Records shown -
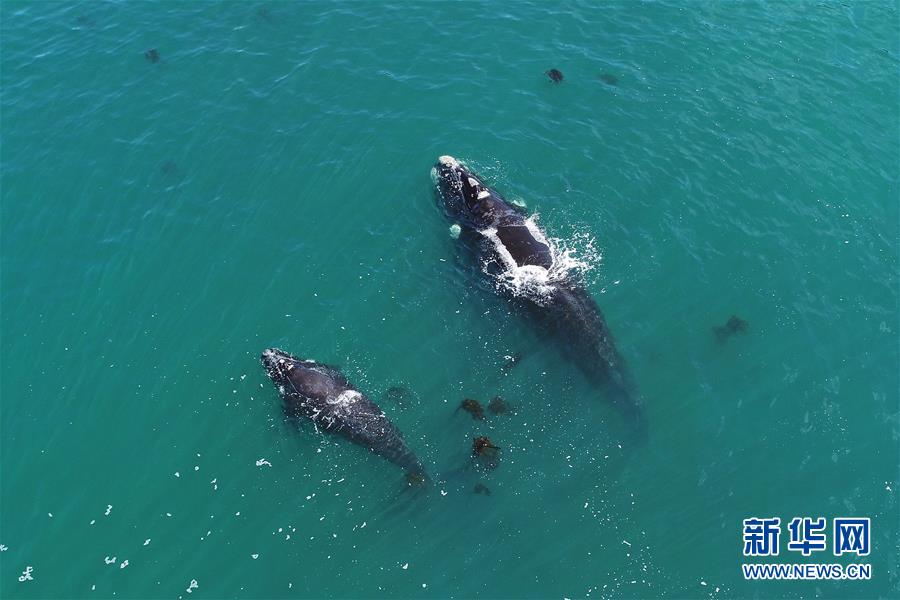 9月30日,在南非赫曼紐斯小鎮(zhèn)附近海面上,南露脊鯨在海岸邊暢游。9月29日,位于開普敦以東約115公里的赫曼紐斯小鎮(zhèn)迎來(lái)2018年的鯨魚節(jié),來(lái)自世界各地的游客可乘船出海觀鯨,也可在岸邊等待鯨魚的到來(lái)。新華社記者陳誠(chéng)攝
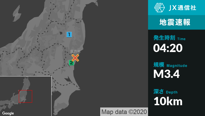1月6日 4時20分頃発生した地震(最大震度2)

--

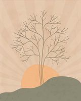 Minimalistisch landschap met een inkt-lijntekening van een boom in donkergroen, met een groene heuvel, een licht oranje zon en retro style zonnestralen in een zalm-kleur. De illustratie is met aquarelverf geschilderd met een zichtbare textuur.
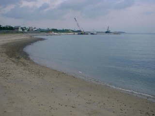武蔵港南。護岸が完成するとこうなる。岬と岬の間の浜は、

About this task - Would you restate, exactly and with no pictures, the lines of the entries above from the one containing "9月30日,在南非赫曼紐斯小" through the one containing "1月6日 4時20分頃発生した地震(最大震度2)"?

Solution below -
 9月30日,在南非赫曼紐斯小鎮(zhèn)附近海面上,南露脊鯨在海岸邊暢游。9月29日,位于開普敦以東約115公里的赫曼紐斯小鎮(zhèn)迎來(lái)2018年的鯨魚節(jié),來(lái)自世界各地的游客可乘船出海觀鯨,也可在岸邊等待鯨魚的到來(lái)。新華社記者陳誠(chéng)攝
1月6日 4時20分頃発生した地震(最大震度2)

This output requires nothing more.